The U.S. Federal Bureau of Investigation (FBI) this week seized 13 domain names connected to “booter” services that let paying customers launch crippling distributed denial-of-service (DDoS) attacks. Ten of the domains are reincarnations of DDoS-for-hire services the FBI seized in December 2022, when it charged six U.S. men with computer crimes for allegedly operating booters.

Booter services are advertised through a variety of methods, including Dark Web forums, chat platforms and even youtube.com. They accept payment via PayPal, Google Wallet, and/or cryptocurrencies, and subscriptions can range in price from just a few dollars to several hundred per month. The services are generally priced according to the volume of traffic to be hurled at the target, the duration of each attack, and the number of concurrent attacks allowed.

The websites that saw their homepages replaced with seizure notices from the FBI this week include booter services like cyberstress[.]org and exoticbooter[.]com, which the feds say were used to launch millions of attacks against millions of victims.

“School districts, universities, financial institutions and government websites are among the victims who have been targeted in attacks launched by booter services,” federal prosecutors in Los Angeles said in a statement.

Purveyors of booters or “stressers” claim they are not responsible for how customers use their services, and that they aren’t breaking the law because — like most security tools — these services can be used for good or bad purposes. Most booter sites employ wordy “terms of use” agreements that require customers to agree they will only stress-test their own networks — and that they won’t use the service to attack others.

But the DOJ says these disclaimers usually ignore the fact that most booter services are heavily reliant on constantly scanning the Internet to commandeer misconfigured devices that are critical for maximizing the size and impact of DDoS attacks. What’s more, none of the services seized by the government required users to demonstrate that they own the Internet addresses being stress-tested, something a legitimate testing service would insist upon.

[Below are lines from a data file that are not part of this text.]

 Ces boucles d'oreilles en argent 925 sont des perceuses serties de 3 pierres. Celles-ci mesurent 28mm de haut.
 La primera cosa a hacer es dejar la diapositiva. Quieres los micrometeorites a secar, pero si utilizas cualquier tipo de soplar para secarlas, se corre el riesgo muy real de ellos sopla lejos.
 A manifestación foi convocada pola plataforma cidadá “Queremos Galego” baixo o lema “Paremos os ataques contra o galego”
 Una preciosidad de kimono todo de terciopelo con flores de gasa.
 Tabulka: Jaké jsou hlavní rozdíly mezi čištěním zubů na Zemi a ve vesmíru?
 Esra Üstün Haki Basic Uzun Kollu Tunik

This is the third in a series of U.S. and international law enforcement actions targeting booter services. In December 2022, the feds seized four-dozen booter domains and charged six U.S. men with computer crimes related to their alleged ownership of the popular DDoS-for-hire services. In December 2018, the feds targeted 15 booter sites, and three booter store defendants who later pleaded guilty.

While the FBI’s repeated seizing of booter domains may seem like an endless game of virtual Whac-a-Mole, continuously taking these services offline imposes high enough costs for the operators that some of them will quit the business altogether, says Richard Clayton, director of Cambridge University’s Cybercrime Centre.

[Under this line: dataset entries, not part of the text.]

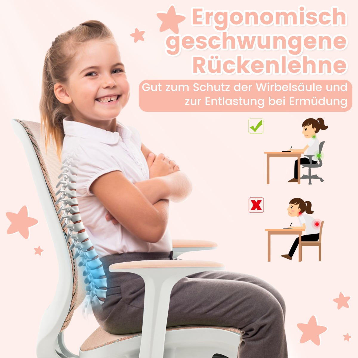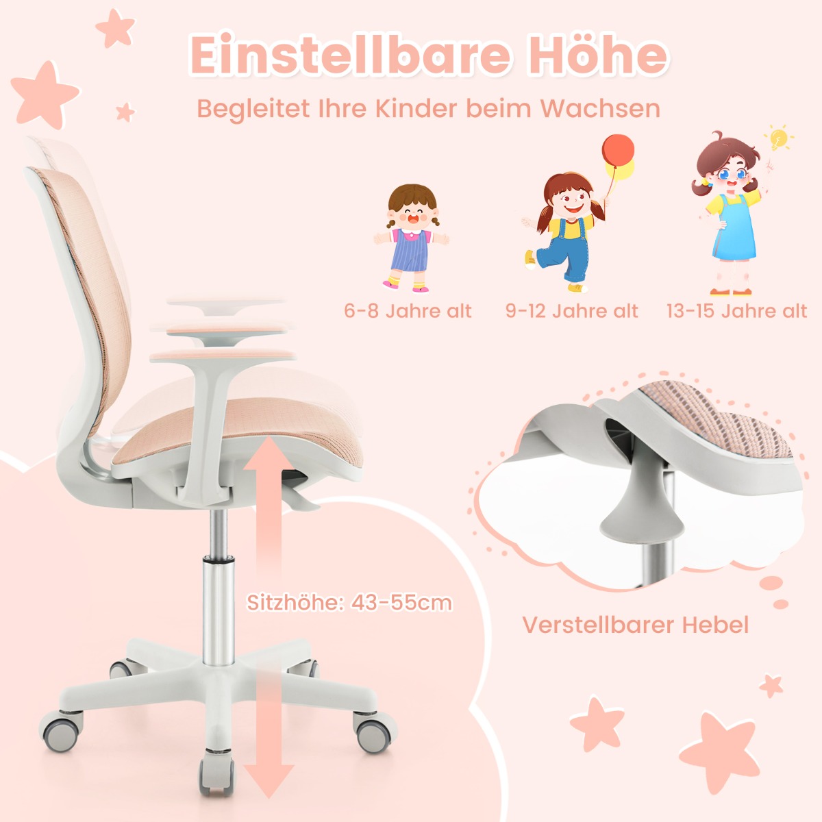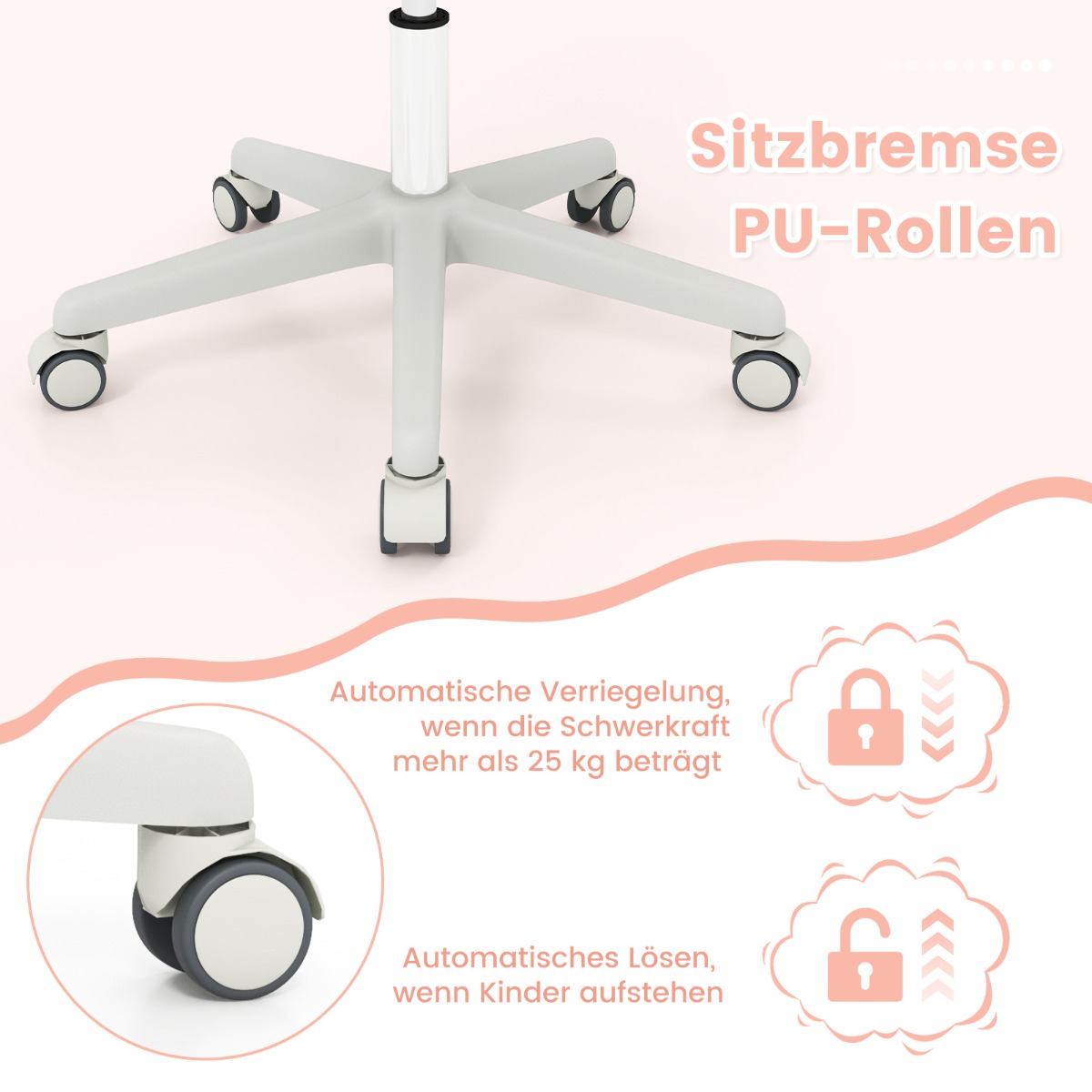 Costway Ροζ Εργονομική Καρέκλα Γραφείου για Παιδιά με Ρυθμιζόμενο Ύψος και Φρένο Καθίσματος HY10192PK
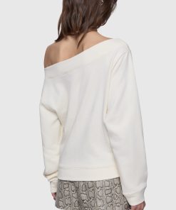 The Kora Off Shoulder Sweatshirt is a relaxed knit top that drapes off the shoulders for a laid-back look, featuring ribbed openings and a ribbed neckline for a touch of texture.
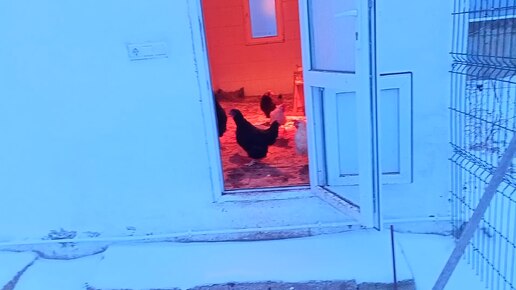 Куры отказались выходить на снег. Сказали, сама гуляй!
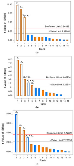 In order to single out the independent variables that significantly affect the responses, Pareto charts were used. Pareto charts depend on the standard deviation to estimate the sampling errors of variables. Each chart depicts two important limits: the Bonferroni limit and t-value limit. Variables with coefficients above the Bonferroni limit are considered significant model factors, while the variables that fall between the Bonferroni and the t-value limit are considered likely to be significant. Finally, the coefficients below the t-value limit are the variables that do not significantly affect the extraction efficiency [46]. Positive and negative effects of independent variables on the dependent ones are indicated by the orange and the blue color on the charts, respectively.
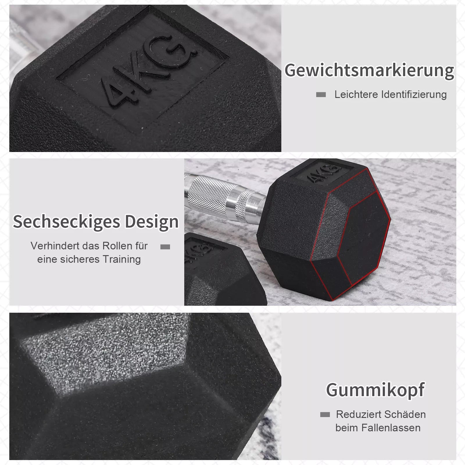 Šešiakampės hantelės, 2 vnt. rinkinys su rifliuota rankena, ketaus hantelių rinkinys, 2 x 4 kg, hantelės vyrams ir moterims, namams, sporto salei, jėgos treniruotėms
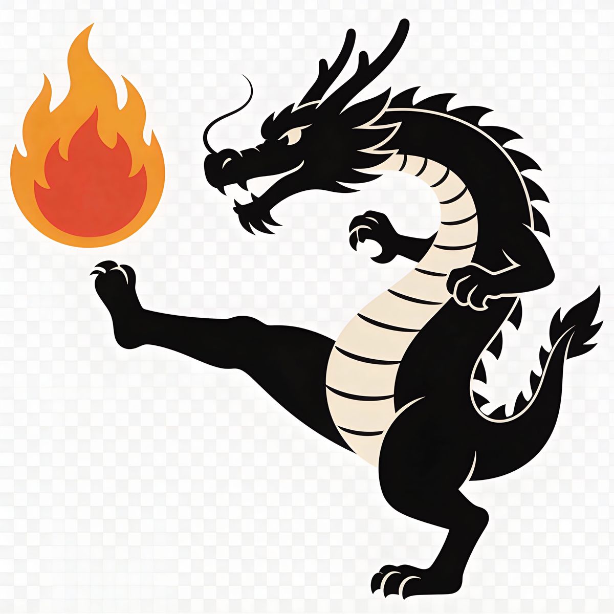 This image shows a whimsical dragon playfully kicking a flaming ball, created in a clean, flat vector illustration style inspired by street art stencils.

In 2020, Clayton and others published “Cybercrime is Mostly Boring,” an academic study on the quality and types of work needed to build, maintain and defend illicit enterprises that make up a large portion of the cybercrime-as-a-service market. The study found that operating a booter service effectively requires a mind-numbing amount of constant, tedious work that tends to produce high burnout rates for booter service operators — even when the service is operating efficiently and profitably.

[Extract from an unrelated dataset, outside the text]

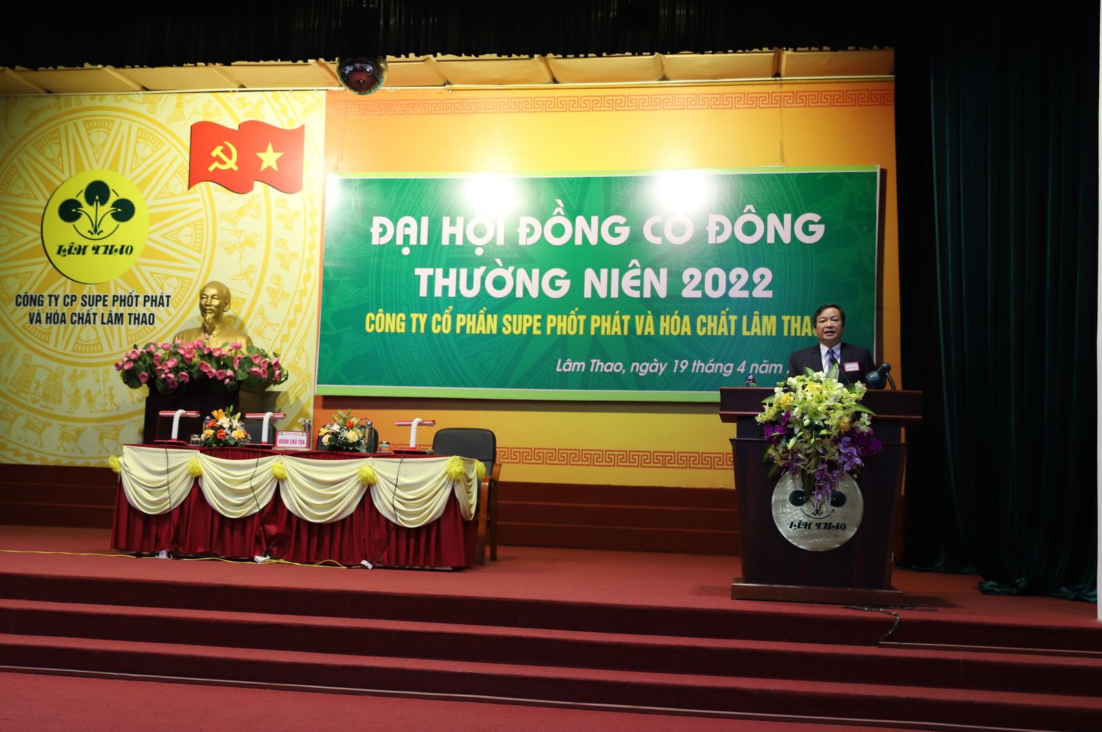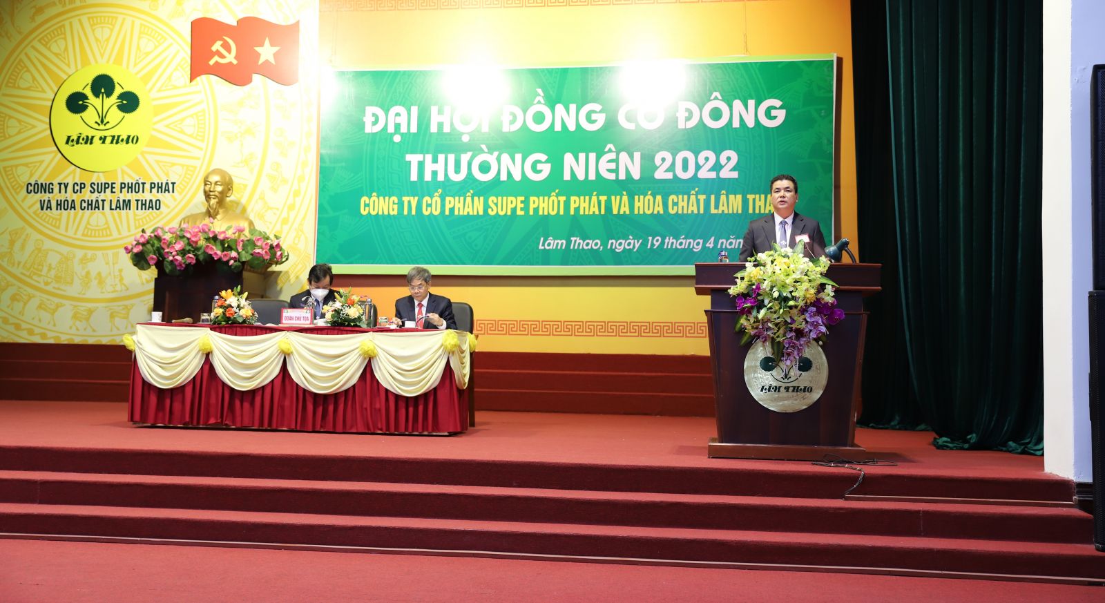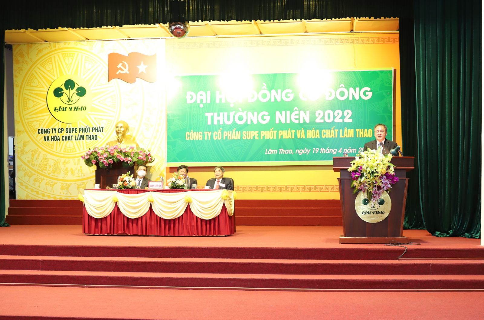 Ngày 19/4/2022, tại Hội trường KCN, Công ty CP Supe PP&HC Lâm Thao đã tổ chức trọng thể Đại hội đồng cổ đông thường niên 2022. Ông Phạm Quang Tuyến, Chủ tịch Hội đồng Quản trị Công ty, Chủ tọa Đại hội; tham dự Đoàn Chủ tọa có ông Phạm Thanh Tùng, Ủy viên HĐQT, Bí thư Đảng ủy, Tổng Giám đốc; ông Nguyễn Thành Công, Ủy viên HĐQT, Phó Tổng Giám đốc Công ty.

For example, running an effective booter service requires a substantial amount of administrative work and maintenance, much of which involves constantly scanning for, commandeering and managing large collections of remote systems that can be used to amplify online attacks, Clayton said. On top of that, building brand recognition and customer loyalty takes time.

“If you’re running a booter and someone keeps taking your domain or hosting away, you have to then go through doing the same boring work all over again,” Clayton told KrebsOnSecurity. “One of the guys the FBI arrested in December [2022] spent six months moaning that he lost his servers, and could people please lend him some money to get it started again.”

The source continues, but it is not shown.